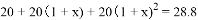 兴化市“菜花节”观赏人数逐年增加,据有关部门统计,2015年约为20万人次,2017年约为28.8万人次,设观赏人数年均增长率为x,则下列方程中正确的是( )
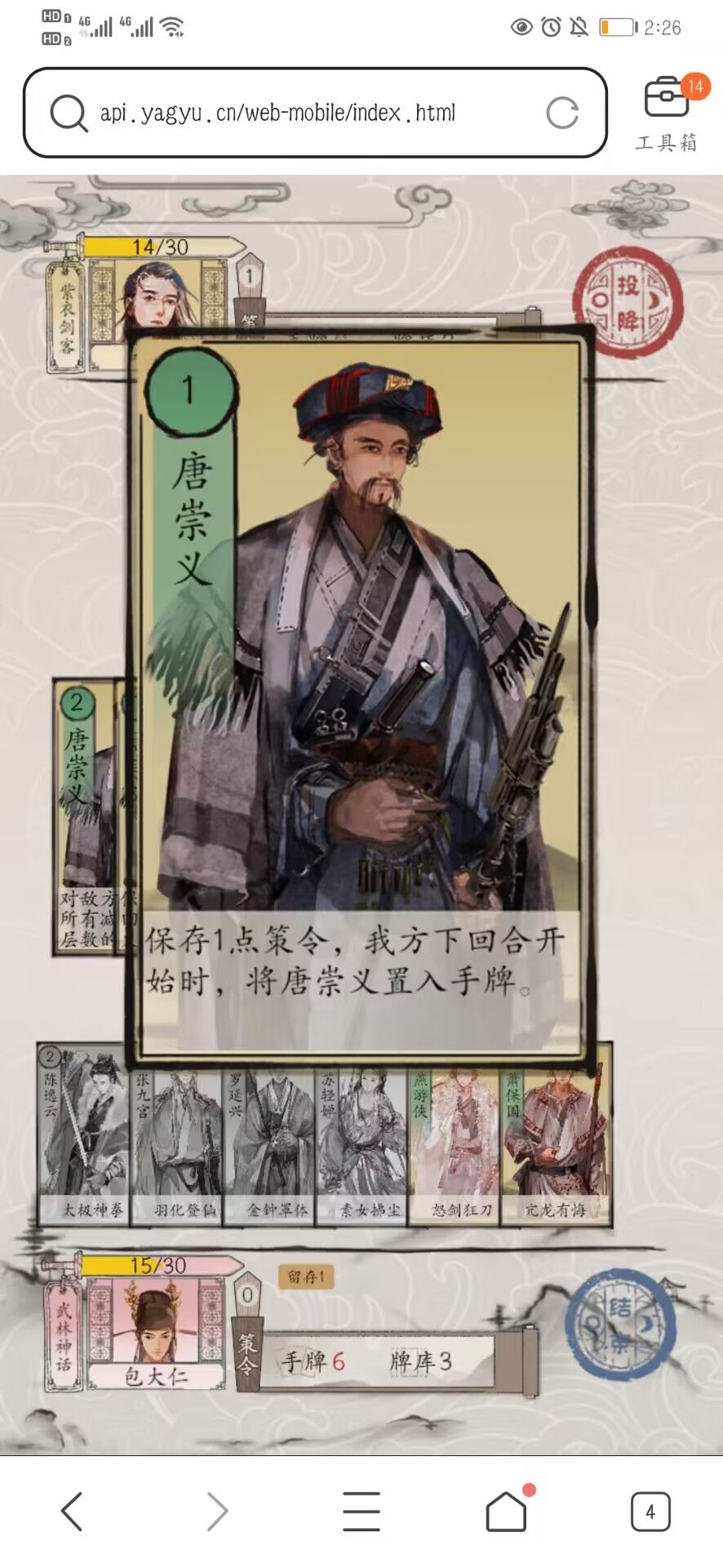 根据老玩家对武林机制过于单一的反馈,对萧保国、唐崇义进行调整,加入透支策令和留存策令的新机制。同时,唐崇义升至金卡。
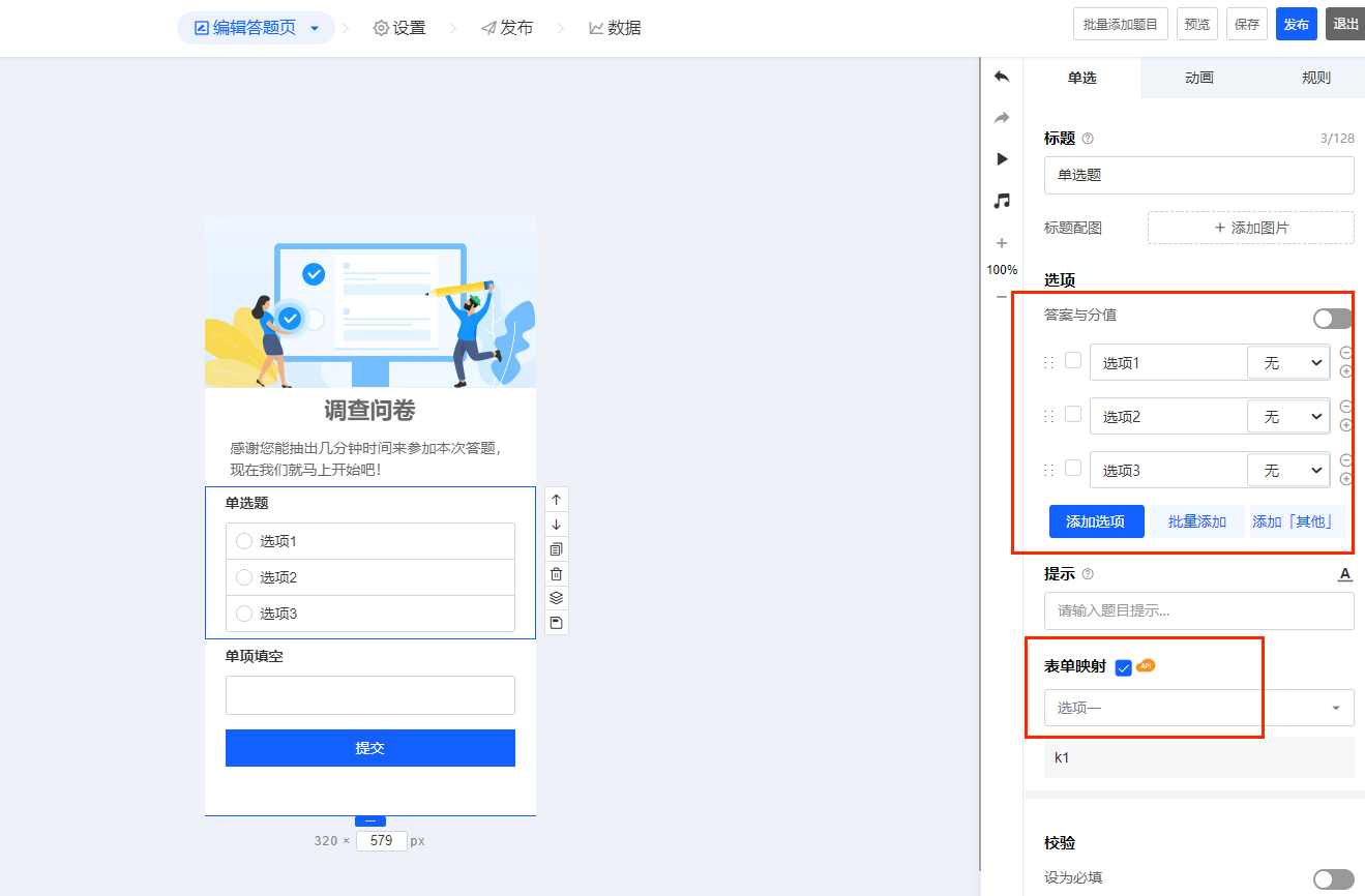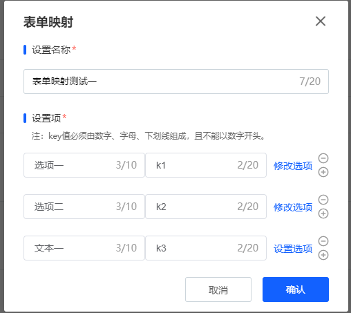 表单选项数据结构
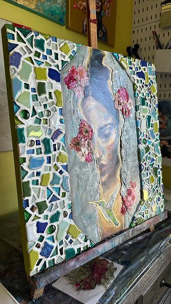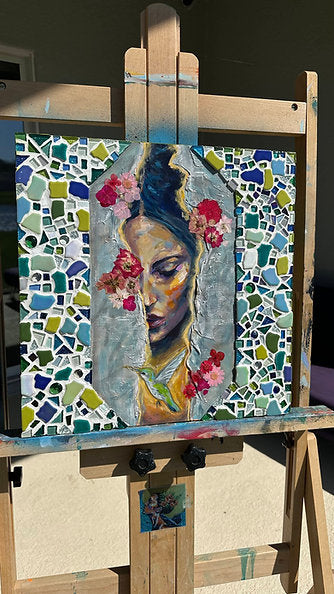 This piece is hand painted with Highest Quality Acrylic Golden and Liquitex Paints, glass mosaic, and real pressed flowers. Wood framed back and ready to hang on your wall. All originals are sealed with varnish to protect the life of the painting. Ships in packaged box bubble wrap and comes with a certificate of authenticity, Handwritten letter from artist, and free stickers. We also offer fast shipping via USPS. Women Owned Business. Made in the USA.
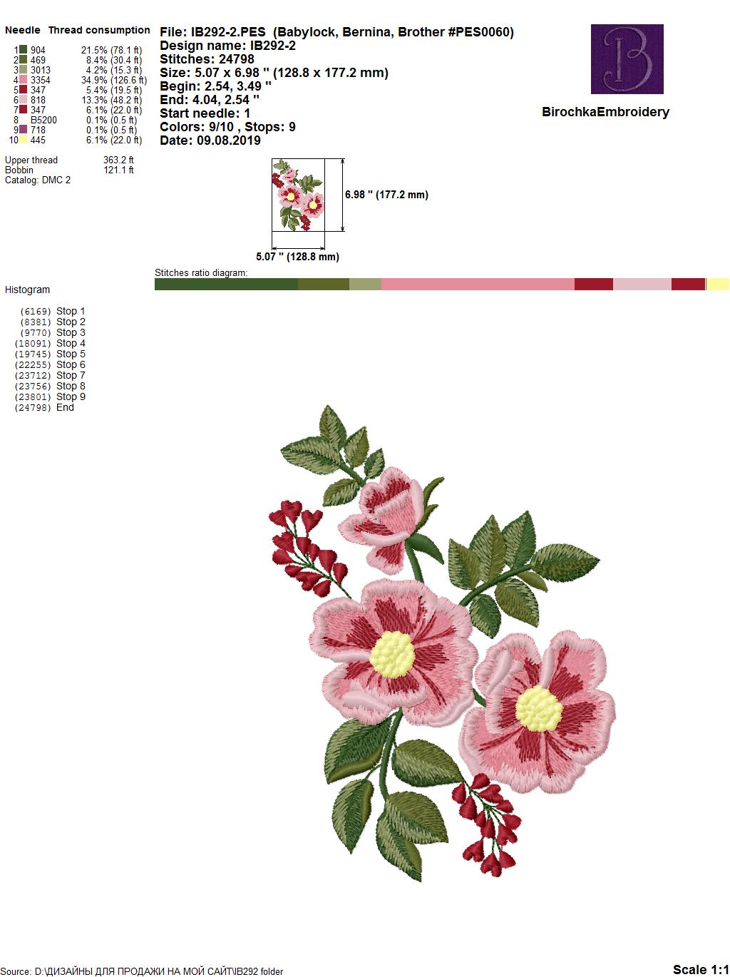 Design size IB292-1: 96,5 mm х 78,8 mm (3,80 х 3,10 inches )

⁂

### [WORK REQUIRED]
Please set down every line of the listing verbatim, excluding its pictures.

### [ANSWER BELOW]
 兴化市“菜花节”观赏人数逐年增加,据有关部门统计,2015年约为20万人次,2017年约为28.8万人次,设观赏人数年均增长率为x,则下列方程中正确的是( )
 根据老玩家对武林机制过于单一的反馈,对萧保国、唐崇义进行调整,加入透支策令和留存策令的新机制。同时,唐崇义升至金卡。
 表单选项数据结构
 This piece is hand painted with Highest Quality Acrylic Golden and Liquitex Paints, glass mosaic, and real pressed flowers. Wood framed back and ready to hang on your wall. All originals are sealed with varnish to protect the life of the painting. Ships in packaged box bubble wrap and comes with a certificate of authenticity, Handwritten letter from artist, and free stickers. We also offer fast shipping via USPS. Women Owned Business. Made in the USA.
 Design size IB292-1: 96,5 mm х 78,8 mm (3,80 х 3,10 inches )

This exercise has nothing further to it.